Implementing encodings

When implementing a new encoding, one should subclass:

  • NumericEncoding if your encoding is numeric. An encoding is numeric if is meant to only encode numbers, e.g. BaseQualities.

  • OneToOneEncoding if your encoding is not numeric, but it always encodes a single byte to another byte (e.g. a letter to a number).

  • Encoding if your encoding is not one-to-one. In such cases, the encoding is typically more complex and could e.g. be meant to encode multiple elements to a single element, as in the case of KmerEncoding.

Note that all NumericEncodings are one-to-one (and inherit from OneToOneEncodings).

All OneToOneEncodings only needs to implement the _encode and _decode methods, and will the automatically be able to encode and decode strings, list of strings, BaseEncoded objects, etc:

The _encode and _decode methods will always be called with raw numpy-arrays. For _encode the array represents the byte value of the ASCII-character to encode (e.g. A will be “65”).

import bionumpy as bnp

class MyCustomEncoding(bnp.OneToOneEncoding):
    def _encode(self, data):
        return data + 1

    def _decode(self, data):
        return data - 1

    def __repr__(self):
        return "MyCustomEncoding()"

encoding = MyCustomEncoding()
sequence = "ACT"
encoded = encoding.encode(sequence)
decoded = encoding.decode(encoded)
print(encoded)
print(repr(encoded))
print(repr(encoded.raw()))
print(decoded)
print(repr(decoded))
print(repr(decoded.raw()))

Note that the encode-method can take many different types of data, such as strings and lists of strings. It will detect the type and call the private _encode method with a numpy array as input. The _decode method is meant to produce the byte-values of the original data. The above code will give:

ACT
encoded_array('ACT', MyCustomEncoding())
array([66, 68, 85], dtype=uint8)
ACT
encoded_array('ACT')
array([65, 67, 84], dtype=uint8)

Some other rules/guidelines:

  • Encodings that are used should always be objects, not classes (i.e. when specifying an encoding to as_encoded_array or EncodedArray).

  • EncodedArray and EncodedRaggedArray should only be used explicitely when data is already encoded correctly. No sanity checking is done when using these classes. When it is not clear whether data is encoded or not, use as_encoded_array. Users are not meant to be using Encoded(Ragged)Array directly.
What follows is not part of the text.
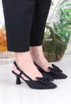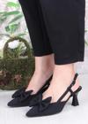 Fort 018-407 Fls Saten Önü Kapalı Fiyonklu Arkası Açık Topuklu Ayakkabı

  • All encoded data are wrapped in EncodedArray or EncodedRaggedArray EXCEPT when something is encoded with a NumericEncoding. In such cases, the encoded data will be an np.array or a RaggedArray. This is so that numeric numpy operations can be performed directly on the data.

  • Unencoded data may be “Encoded” with BaseEncoding. When decoding data, the result will typically be an Encoded(Ragged)Array with encoding BaseEncoding.